Davis uses an analogy from Pete Seeger about a seesaw to explain the long-haul dedication required to build something and to effectuate changes.
One side is planted firmly on the ground, weighed down by boulders. The side in the air has an empty basket atop it. A small group of people patiently work to fill the basket with sand, one teaspoon at a time. The crowd watching scoffs, because nothing is changing. But one day, the whole seesaw is going to flip — not little by little, but all at once.
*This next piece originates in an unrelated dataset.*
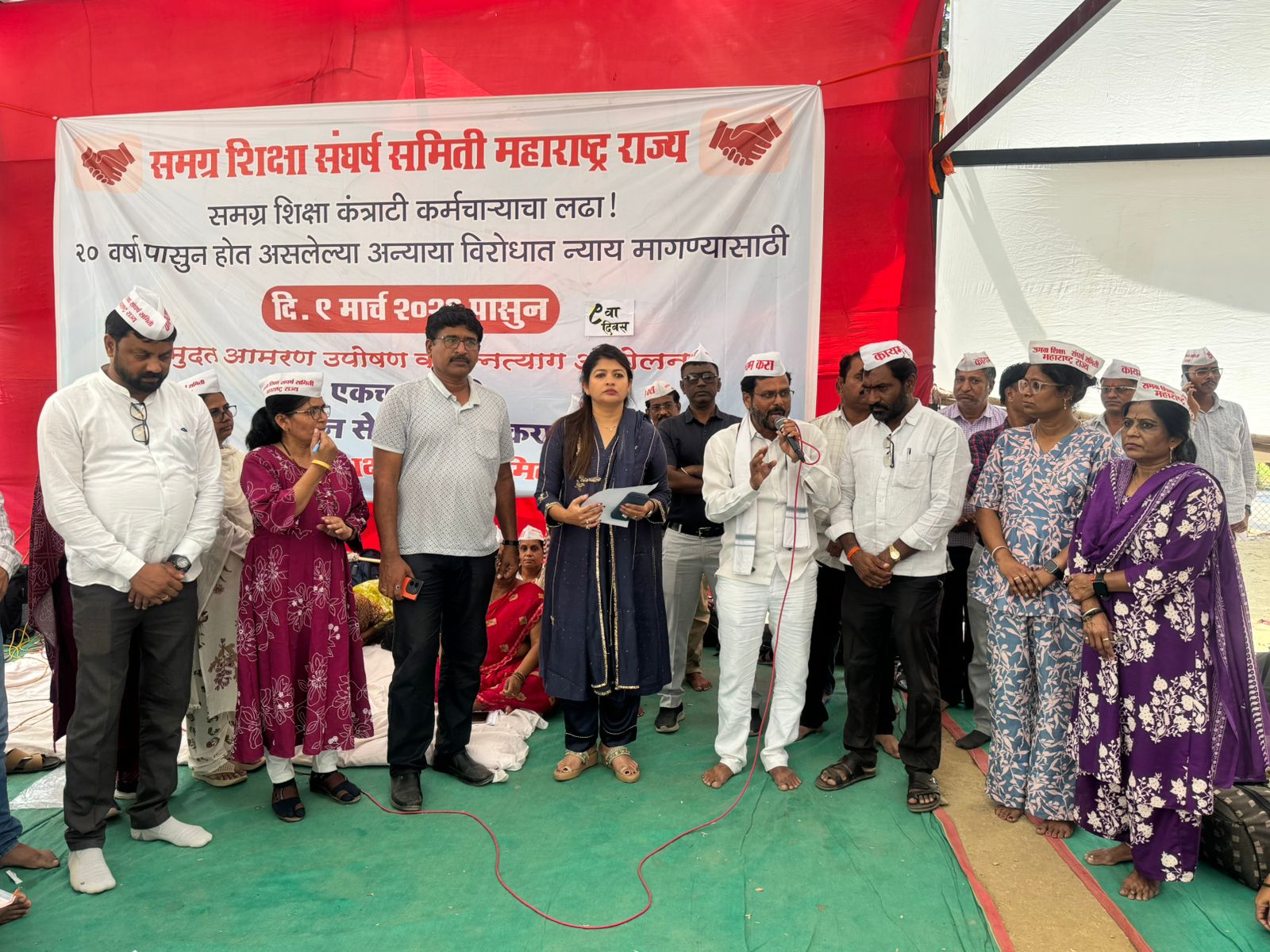 या मागण्यांसाठी आझाद मैदान येथे ९ मार्च २०२६ पासून आमरण उपोषण सुरू असून, आमदार महाले पाटील यांनी आंदोलनस्थळी भेट देत कर्मचाऱ्यांच्या समस्या जाणून घेतल्या. यावेळी त्यांनी आंदोलनकर्त्यांशी सविस्तर संवाद साधत त्यांच्या मागण्यांचा आढावा घेतला व शासन स्तरावर या प्रश्नांचा सकारात्मक विचार व्हावा यासाठी मुख्यमंत्री यांची भेट घेऊन योग्य तो तोडगा काढण्यात येईल, असे आश्वासन दिले.

People will ask, “How did it happen so suddenly?” The answer, of course, is all those teaspoons over the years.
Davis writes that he wrote his book to inspire others of his generation to become committers, committed to entering into “faithful relationships” with “particular causes and crafts, places and communities, professions and people.” He writes:
If you care about advancing the continuing liberation struggles that will give people even more options and free people from even more involuntary commitments, then you need to care about commitment, too. We are only as free as we are today because committed citizens, patriots, builders, stewards, artisans, and companions got us here. And every struggle for justice that remains today will only be advanced if enough dedicated people step up again.
Pete Davis has written an insightful book that also is an important book that, hopefully, will inspire, not just his generation, but all generations to dig deep and make the kind of commitments that will spark both creativity and stability.
On Thursday, May 13 at 7 p.m., Davis is having a (virtual) book launch at One More Page Books (2200 N Westmoreland St., Arlington) for his book. Three locals profiled in the book have been invited to participate in a panel: Marybeth Donahue Connelly, Nikki Graves Henderson and Hannah Jordan to discuss it.